Note that I'm running as user asterisk, so that may affect how easily the process can switch priority..

By: Walter Doekes (wdoekes) 2016-09-16 09:17:49.231-0500

Okay.. the problem was that sched_setscheduler fixed the astcanary-checking thread, and not the entire process.

If I change it to change {{getpid()}} instead of {{0}} it appears to behave well, but it still doesn't really:
{noformat}
# chrt -p `pidof asterisk`
pid 7220's current scheduling policy: SCHED_RR
pid 7220's current scheduling priority: 10
# date; pkill astcanary
Fri Sep 16 16:01:01 CEST 2016
...
[Sep 16 16:02:49] WARNING[7222] asterisk.c: The canary is no more.  He has ceased to be!  He's expired and gone to meet his maker!  He's a stiff!  Bereft of life, he rests in peace.  His metabolic processes are now history!  He's off the twig!  He's kicked the bucket.  He's shuffled off his mortal coil, run down the curtain, and joined the bleeding choir invisible!!  THIS is an EX-CANARY.  (Reducing priority)

# chrt -p `pidof asterisk`
pid 7220's current scheduling policy: SCHED_OTHER
pid 7220's current scheduling priority: 0

# ps -eLf | grep sbin/asterisk | awk '{print $4}' | xargs -I{} chrt -p {}
pid 7220's current scheduling policy: SCHED_OTHER
pid 7220's current scheduling priority: 0
pid 7223's current scheduling policy: SCHED_RR
pid 7223's current scheduling priority: 10
pid 7224's current scheduling policy: SCHED_RR
pid 7224's current scheduling priority: 10
pid 7225's current scheduling policy: SCHED_RR
pid 7225's current scheduling priority: 10
...
{noformat}

{quote}
Specifying pid as 0 will operate on the attributes of the calling thread, and passing the value returned from a call to getpid(2) will operate on the attributes of the main thread of the thread group.
{quote}
So, neither 0/gettid() nor getpid() is good enough for our purposes.
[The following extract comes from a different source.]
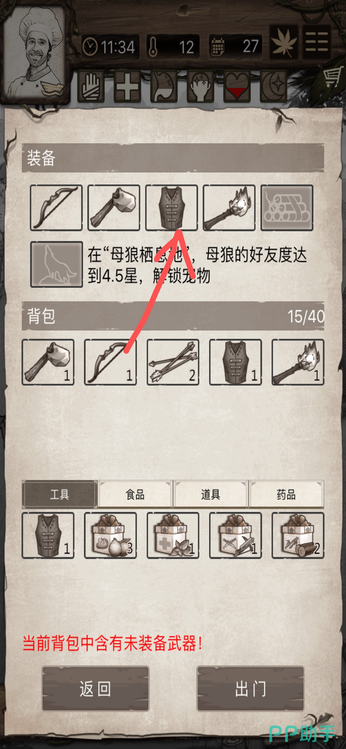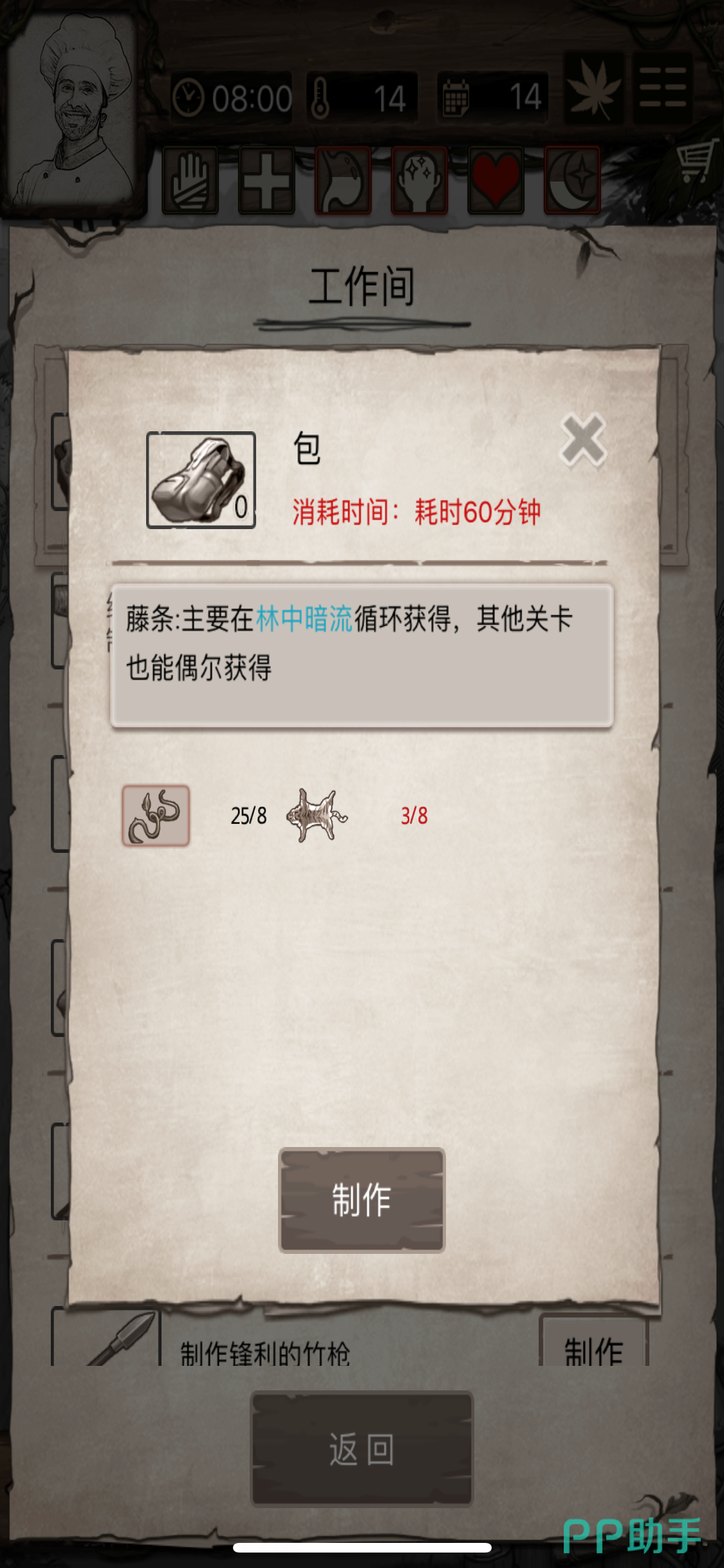 同理,在林中暗流中选择采集【藤蔓】,当制作皮甲所需要的物品都集齐之后,回到营地点开工作台,选择制作皮甲。然后每次在出门的时候选择出门装备都要记得将皮甲装备上去,才能起到御寒的作用。

Perhaps it's easiest to cheat and execve {{chrt -a -p GETPID}}, as I don't see an easy way to find the thread IDs of the running program.
Or, if this is portable across linux kernels, check {{ls /proc/GETPID/task}} and call sched_setscheduler for every tid/numeric-dir found there.

By: Walter Doekes (wdoekes) 2016-09-16 10:15:17.922-0500

This should probably fix things:
https://gerrit.asterisk.org/#/c/3916

By: Walter Doekes (wdoekes) 2016-09-17 11:33:46.042-0500

I'm not sure this has ever worked...

By: Walter Doekes (wdoekes) 2016-10-21 01:44:13.332-0500

[~rnewton] (repeated after lost msg on irc): ASTERISK-26352, ASTERISK-19867, ASTERISK-26358, ASTERISK-23989 aren't closed and tagged as fixed in 11.24.0; probably auto-close-by-jira failure and hence a lack of tagging for release.